→ Task objective:
Could you copy exactly the lines below, beginning at the line with "Por segundo día" and stopping after the line with "A l'intérieur, des", with no pictures?

→ Task inputs:
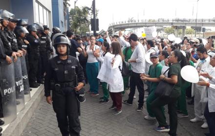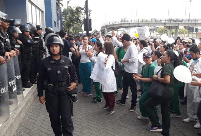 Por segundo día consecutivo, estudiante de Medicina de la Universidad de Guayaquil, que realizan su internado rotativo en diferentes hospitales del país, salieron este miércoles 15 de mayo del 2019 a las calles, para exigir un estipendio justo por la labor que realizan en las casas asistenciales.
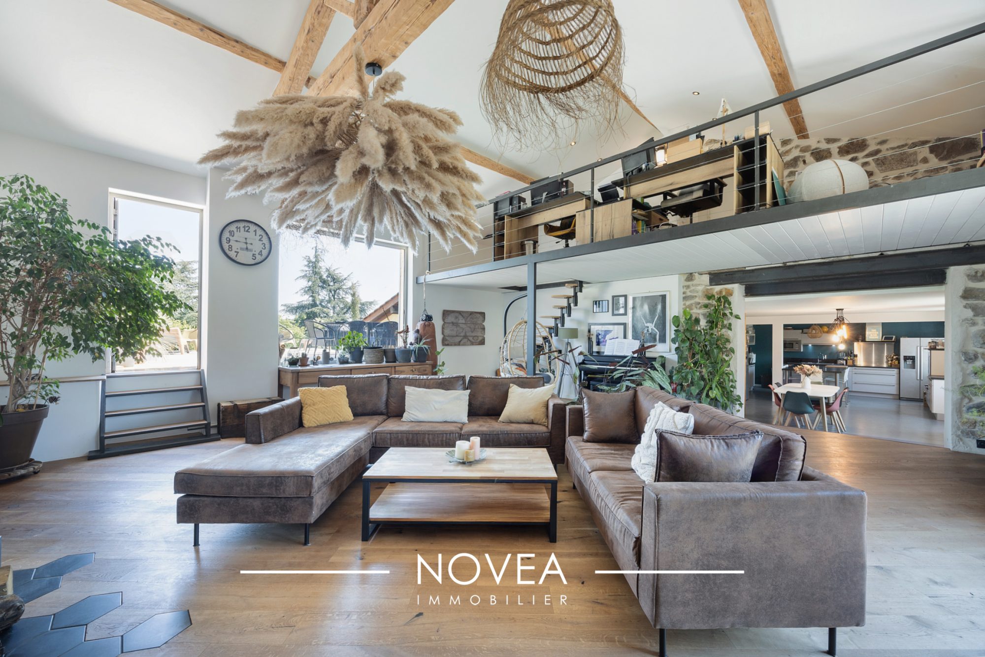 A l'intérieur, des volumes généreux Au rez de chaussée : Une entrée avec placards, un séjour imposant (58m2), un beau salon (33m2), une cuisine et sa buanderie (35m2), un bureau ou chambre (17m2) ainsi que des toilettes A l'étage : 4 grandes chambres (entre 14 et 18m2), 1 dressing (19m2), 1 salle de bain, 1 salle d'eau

--

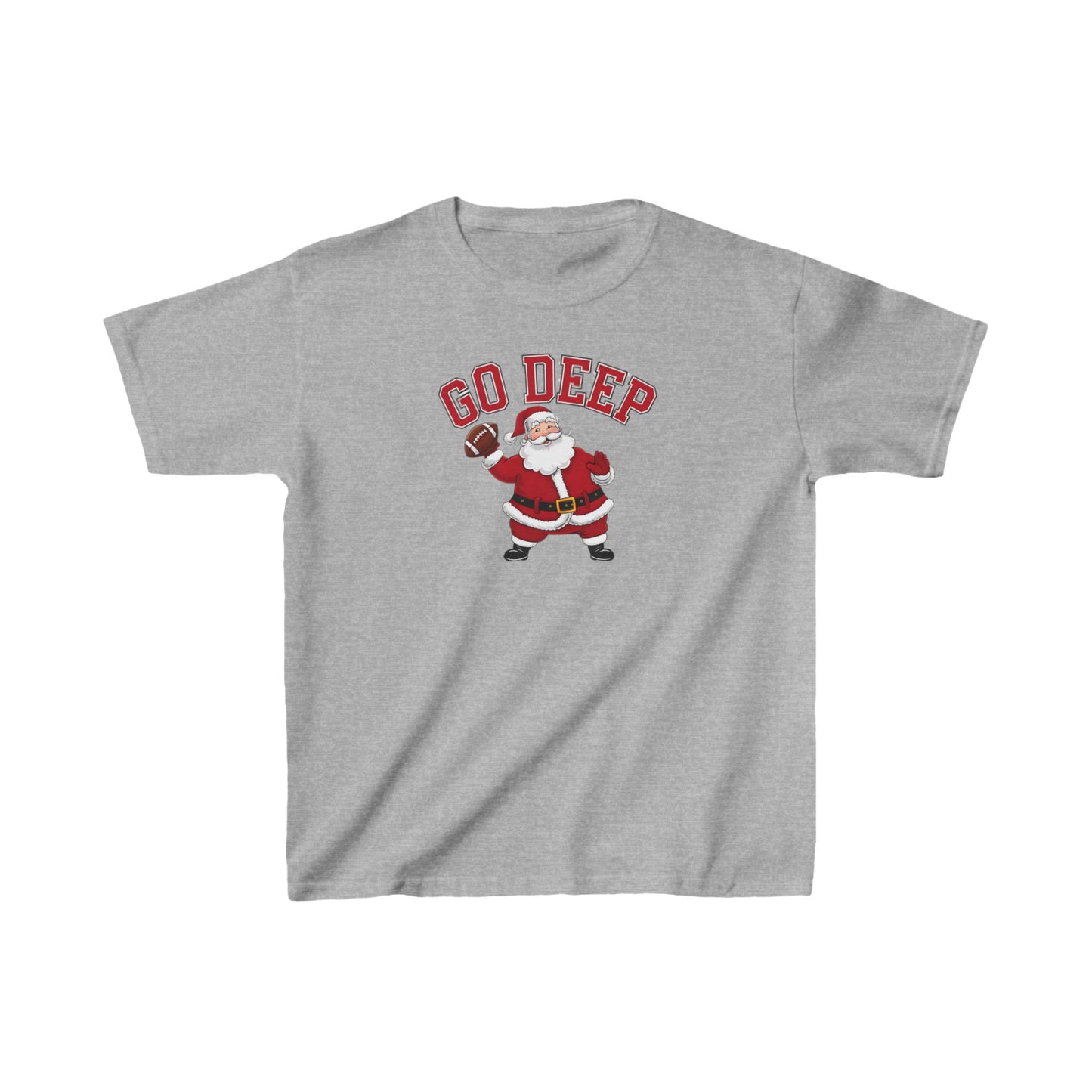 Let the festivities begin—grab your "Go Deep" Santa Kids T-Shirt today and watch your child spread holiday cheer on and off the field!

→ Response box:
 Por segundo día consecutivo, estudiante de Medicina de la Universidad de Guayaquil, que realizan su internado rotativo en diferentes hospitales del país, salieron este miércoles 15 de mayo del 2019 a las calles, para exigir un estipendio justo por la labor que realizan en las casas asistenciales.
 A l'intérieur, des volumes généreux Au rez de chaussée : Une entrée avec placards, un séjour imposant (58m2), un beau salon (33m2), une cuisine et sa buanderie (35m2), un bureau ou chambre (17m2) ainsi que des toilettes A l'étage : 4 grandes chambres (entre 14 et 18m2), 1 dressing (19m2), 1 salle de bain, 1 salle d'eau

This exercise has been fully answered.